### Task description:
Omit all images, then repeat exactly the lines below from the one containing "London 2012 bronze" through the one containing "تُستخدم لإبراز جدار", both ends included.

### Provided records:
....

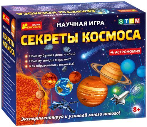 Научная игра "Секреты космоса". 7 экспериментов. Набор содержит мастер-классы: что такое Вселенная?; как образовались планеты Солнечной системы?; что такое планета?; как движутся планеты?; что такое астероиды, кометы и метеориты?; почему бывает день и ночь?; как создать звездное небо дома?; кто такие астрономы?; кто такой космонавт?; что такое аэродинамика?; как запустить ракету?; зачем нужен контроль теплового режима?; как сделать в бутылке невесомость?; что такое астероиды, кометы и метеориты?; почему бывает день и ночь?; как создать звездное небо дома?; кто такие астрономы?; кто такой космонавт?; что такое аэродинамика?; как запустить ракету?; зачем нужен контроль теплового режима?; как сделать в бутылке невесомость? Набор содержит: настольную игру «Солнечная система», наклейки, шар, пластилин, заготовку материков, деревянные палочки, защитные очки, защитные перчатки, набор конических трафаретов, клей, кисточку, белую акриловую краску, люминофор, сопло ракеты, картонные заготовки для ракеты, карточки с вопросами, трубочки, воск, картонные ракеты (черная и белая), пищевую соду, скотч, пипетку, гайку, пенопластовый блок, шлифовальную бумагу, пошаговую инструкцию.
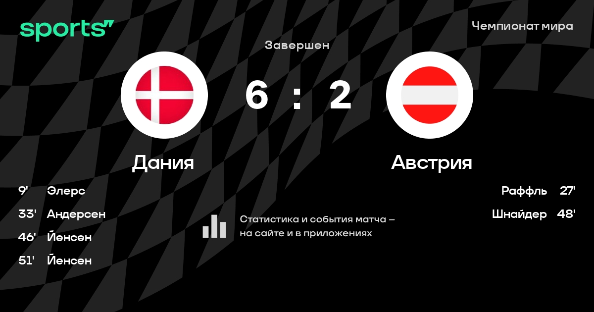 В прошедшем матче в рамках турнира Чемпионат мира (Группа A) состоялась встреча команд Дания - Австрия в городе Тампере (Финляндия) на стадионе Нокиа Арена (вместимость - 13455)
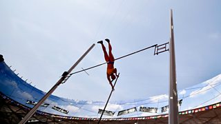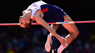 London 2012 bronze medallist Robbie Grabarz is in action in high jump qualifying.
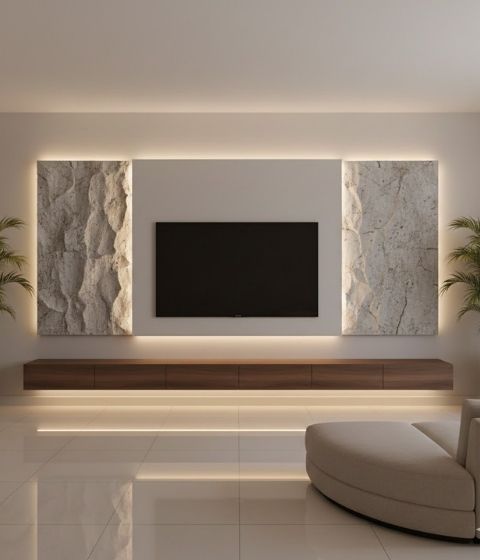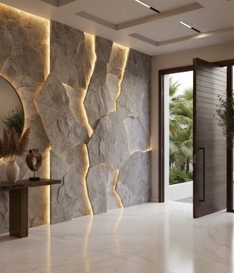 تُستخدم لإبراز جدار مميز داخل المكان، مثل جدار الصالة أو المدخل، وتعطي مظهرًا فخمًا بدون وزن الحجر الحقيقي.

....

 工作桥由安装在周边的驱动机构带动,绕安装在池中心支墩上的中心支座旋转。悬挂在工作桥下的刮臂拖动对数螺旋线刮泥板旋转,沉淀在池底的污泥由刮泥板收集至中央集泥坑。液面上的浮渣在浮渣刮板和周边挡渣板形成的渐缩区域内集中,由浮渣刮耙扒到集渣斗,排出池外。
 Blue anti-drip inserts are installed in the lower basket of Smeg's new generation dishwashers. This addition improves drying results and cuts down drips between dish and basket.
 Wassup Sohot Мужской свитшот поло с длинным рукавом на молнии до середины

....

### Solution to this task:
 London 2012 bronze medallist Robbie Grabarz is in action in high jump qualifying.
 تُستخدم لإبراز جدار مميز داخل المكان، مثل جدار الصالة أو المدخل، وتعطي مظهرًا فخمًا بدون وزن الحجر الحقيقي.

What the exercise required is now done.